Severe problems manifest when the host server is rebooted and the registry is processed, analysing tens of thousands of devices, causing the server to look as if it has hung. It freezes for 2 or 3 hours, possibly more if I had let the server carry on taking more backups.
The registry key you need to check in Windows 2008 R2 is:
There should be 10 to 50 entries in there for a normal healthy machine, depending on how many devices you have attached. On our server we had 28,000 entries!
Now, how does the fix work?
The new hotfix from Microsoft makes a change to the Plug & Play Manager that adds a timestamp (or a tombstone date as they prefer to call it) for each new snapshot device that’s created. This means Windows is now aware of exactly when a snapshot was created and can make a decision to fully remove the device’s entry from the registry after a certain period of time. I’m not sure how long it waits but from our experience it can be counted in minutes rather than days or weeks.
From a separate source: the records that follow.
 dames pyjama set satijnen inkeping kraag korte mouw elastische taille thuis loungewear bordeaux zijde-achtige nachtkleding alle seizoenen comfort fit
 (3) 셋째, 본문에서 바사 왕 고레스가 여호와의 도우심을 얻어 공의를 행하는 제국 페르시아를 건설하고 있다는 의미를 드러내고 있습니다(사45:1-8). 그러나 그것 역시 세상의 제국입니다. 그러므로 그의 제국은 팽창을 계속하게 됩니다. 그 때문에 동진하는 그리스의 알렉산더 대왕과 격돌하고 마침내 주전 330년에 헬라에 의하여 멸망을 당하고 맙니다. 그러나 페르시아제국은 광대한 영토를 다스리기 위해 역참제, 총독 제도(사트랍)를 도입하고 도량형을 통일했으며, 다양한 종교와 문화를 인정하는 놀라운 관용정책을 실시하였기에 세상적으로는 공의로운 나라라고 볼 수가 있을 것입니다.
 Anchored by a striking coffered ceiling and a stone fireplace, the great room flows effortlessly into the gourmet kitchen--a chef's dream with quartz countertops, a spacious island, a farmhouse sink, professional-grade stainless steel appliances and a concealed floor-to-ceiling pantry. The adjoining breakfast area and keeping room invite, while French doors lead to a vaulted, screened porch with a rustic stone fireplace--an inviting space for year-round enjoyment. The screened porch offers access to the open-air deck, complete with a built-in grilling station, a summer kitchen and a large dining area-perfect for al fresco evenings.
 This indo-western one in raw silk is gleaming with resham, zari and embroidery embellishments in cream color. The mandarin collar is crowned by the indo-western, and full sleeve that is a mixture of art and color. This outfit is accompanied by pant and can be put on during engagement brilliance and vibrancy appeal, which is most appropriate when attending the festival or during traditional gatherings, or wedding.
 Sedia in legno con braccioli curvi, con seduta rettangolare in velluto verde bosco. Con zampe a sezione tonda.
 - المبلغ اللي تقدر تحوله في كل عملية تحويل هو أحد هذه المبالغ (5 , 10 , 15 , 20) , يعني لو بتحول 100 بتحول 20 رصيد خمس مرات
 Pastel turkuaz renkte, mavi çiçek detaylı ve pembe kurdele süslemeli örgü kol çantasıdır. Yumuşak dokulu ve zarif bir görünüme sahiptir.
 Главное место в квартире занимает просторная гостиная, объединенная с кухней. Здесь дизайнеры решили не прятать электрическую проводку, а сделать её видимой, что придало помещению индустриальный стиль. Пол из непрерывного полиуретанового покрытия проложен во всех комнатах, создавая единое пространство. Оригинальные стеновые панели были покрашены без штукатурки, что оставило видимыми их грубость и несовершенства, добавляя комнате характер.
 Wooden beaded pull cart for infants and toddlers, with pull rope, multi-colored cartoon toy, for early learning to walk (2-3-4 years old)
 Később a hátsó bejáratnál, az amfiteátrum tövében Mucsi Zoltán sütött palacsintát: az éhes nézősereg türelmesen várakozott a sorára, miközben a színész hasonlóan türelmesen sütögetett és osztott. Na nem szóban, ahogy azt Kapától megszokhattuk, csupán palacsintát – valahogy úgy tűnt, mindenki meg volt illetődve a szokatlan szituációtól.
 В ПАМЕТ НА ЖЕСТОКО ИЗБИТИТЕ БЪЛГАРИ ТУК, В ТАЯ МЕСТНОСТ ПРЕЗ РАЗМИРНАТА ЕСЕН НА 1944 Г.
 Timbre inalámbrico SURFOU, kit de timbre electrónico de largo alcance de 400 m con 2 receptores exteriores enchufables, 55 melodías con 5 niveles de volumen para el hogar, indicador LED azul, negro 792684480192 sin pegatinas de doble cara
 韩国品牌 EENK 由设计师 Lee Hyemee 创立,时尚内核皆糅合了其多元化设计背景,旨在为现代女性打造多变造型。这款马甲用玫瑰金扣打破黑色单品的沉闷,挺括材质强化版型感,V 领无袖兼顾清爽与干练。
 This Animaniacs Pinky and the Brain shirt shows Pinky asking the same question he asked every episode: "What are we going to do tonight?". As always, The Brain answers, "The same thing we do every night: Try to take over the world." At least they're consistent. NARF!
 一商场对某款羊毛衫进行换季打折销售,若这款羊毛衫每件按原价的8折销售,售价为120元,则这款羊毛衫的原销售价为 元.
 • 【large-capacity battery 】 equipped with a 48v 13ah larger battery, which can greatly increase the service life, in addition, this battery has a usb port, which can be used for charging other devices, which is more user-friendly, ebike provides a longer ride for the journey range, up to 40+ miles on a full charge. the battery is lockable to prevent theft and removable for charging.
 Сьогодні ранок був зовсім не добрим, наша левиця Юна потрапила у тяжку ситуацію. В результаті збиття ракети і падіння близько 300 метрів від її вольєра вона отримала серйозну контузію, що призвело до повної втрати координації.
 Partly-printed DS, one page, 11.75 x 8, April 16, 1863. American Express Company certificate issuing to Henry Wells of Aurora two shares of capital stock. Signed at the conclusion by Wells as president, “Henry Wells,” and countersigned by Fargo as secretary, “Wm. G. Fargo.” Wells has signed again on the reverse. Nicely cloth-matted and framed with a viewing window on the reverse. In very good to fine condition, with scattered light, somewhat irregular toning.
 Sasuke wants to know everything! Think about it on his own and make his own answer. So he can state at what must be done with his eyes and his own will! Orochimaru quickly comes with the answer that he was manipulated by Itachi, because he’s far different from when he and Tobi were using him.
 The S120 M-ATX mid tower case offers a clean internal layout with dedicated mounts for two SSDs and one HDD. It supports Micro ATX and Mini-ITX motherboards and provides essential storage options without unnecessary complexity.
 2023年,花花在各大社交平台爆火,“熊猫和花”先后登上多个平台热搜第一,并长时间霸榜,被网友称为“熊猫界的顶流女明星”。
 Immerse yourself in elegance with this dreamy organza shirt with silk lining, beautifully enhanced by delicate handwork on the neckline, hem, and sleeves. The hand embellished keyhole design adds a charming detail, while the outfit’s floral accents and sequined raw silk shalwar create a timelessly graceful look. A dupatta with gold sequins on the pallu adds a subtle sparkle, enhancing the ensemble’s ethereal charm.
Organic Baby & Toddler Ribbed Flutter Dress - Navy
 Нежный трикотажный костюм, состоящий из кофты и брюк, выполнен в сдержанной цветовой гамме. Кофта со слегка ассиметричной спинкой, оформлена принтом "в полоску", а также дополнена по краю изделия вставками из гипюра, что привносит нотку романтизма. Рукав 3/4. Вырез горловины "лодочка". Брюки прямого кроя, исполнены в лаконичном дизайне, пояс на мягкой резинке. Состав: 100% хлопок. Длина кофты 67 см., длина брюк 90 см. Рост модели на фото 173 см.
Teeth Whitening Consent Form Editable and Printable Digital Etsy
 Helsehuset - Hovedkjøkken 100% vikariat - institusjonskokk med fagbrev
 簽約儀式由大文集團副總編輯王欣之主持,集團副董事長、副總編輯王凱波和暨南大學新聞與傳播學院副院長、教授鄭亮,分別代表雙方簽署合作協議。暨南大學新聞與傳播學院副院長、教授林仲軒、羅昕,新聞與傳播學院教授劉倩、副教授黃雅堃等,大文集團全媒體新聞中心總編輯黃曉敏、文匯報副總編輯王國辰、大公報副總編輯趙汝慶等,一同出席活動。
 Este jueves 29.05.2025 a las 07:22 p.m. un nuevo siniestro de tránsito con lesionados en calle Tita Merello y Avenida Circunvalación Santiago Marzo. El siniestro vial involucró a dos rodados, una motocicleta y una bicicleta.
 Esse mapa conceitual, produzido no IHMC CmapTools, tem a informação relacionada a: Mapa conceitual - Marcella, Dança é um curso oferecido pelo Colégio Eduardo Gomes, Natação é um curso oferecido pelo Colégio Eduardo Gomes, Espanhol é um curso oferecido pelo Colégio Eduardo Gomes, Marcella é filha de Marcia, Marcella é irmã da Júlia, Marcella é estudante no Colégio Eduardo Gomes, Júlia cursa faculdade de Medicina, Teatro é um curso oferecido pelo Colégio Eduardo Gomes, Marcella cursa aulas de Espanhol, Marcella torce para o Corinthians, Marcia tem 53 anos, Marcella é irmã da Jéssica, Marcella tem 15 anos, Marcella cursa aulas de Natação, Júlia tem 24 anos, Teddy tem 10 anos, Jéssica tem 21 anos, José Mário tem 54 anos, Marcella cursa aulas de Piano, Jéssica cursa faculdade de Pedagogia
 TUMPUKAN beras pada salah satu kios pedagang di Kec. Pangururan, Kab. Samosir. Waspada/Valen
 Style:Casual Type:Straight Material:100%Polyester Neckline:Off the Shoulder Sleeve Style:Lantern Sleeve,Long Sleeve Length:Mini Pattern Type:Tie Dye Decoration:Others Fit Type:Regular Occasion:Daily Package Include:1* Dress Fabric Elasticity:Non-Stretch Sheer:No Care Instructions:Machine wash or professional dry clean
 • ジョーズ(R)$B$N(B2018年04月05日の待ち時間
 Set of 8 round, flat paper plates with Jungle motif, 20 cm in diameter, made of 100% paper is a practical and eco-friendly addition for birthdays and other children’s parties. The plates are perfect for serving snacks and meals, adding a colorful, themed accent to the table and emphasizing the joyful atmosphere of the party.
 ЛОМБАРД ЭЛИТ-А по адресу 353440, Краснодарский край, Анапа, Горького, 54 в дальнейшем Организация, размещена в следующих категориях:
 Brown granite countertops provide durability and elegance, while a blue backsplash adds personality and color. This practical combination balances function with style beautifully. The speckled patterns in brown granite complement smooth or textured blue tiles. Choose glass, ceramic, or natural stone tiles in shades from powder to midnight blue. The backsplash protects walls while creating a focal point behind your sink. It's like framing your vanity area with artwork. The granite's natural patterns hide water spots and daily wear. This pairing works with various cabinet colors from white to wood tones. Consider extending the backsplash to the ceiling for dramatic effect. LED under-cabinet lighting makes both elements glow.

So well done to Microsoft for creating a smart solution to a critical problem. It took a massive amount of effort to get our case brought to the attention of the right person. Before that I had spent weeks working with a Microsoft support team in India by phone and remote desktop trying to explain what the problem was (and no, the problem will not be resolved by re-installing Windows, thank you!). It wasn’t until a Premiere Support case was opened and a Microsoft account manager from the UK got involved who contacted the right technical person that we started to make rapid progress. Microsoft had been aware of the technical issue for a while but our case seemed to have given them the incentive to fully investigate it. And we are grateful that we were finally listened to and some very expensive new servers can finally be put into service.
Cleaning up the registry
The only problem that remains is for other people experiencing this. You need to clean up your registry before applying the hotfix otherwise the freezing symptom will persist. To do this you need a tool from Microsoft called devnodeclean. Sadly this is not available anywhere on the Internet to download based on my Google and Bing searches. Microsoft should be able to email you a copy if you open a support case with them and refer them to KB982210 and this blog entry for good measure. Run devnodeclean without any switches at first to see what it makes of your registry, then use the /r switch to force it to remove the unwanted devices from the registry.
Next you may need to compact your registry if it has become huge, anything over 50MB I would say. Ours peaked at over 450MB. The “system” hive (found in C:\Windows\System32\config\) can be compacted using regchk using the switches /l /c /r /v. Again, chkreg is only available by request from Microsoft and was in fact developed to repair the registry in Windows 2000 but amazingly still works for 2008 R2. Please note that regchk cannot compact a live “system” file. You need to back up your system settings first and run chkreg on a restored copy of the “system” file (restore it to a new folder somewhere else). Then boot up from the Windows setup DVD and enter the recovery console. Rename “system” to “system.old” and copy the compacted system file into the config directory. Then reboot into Windows.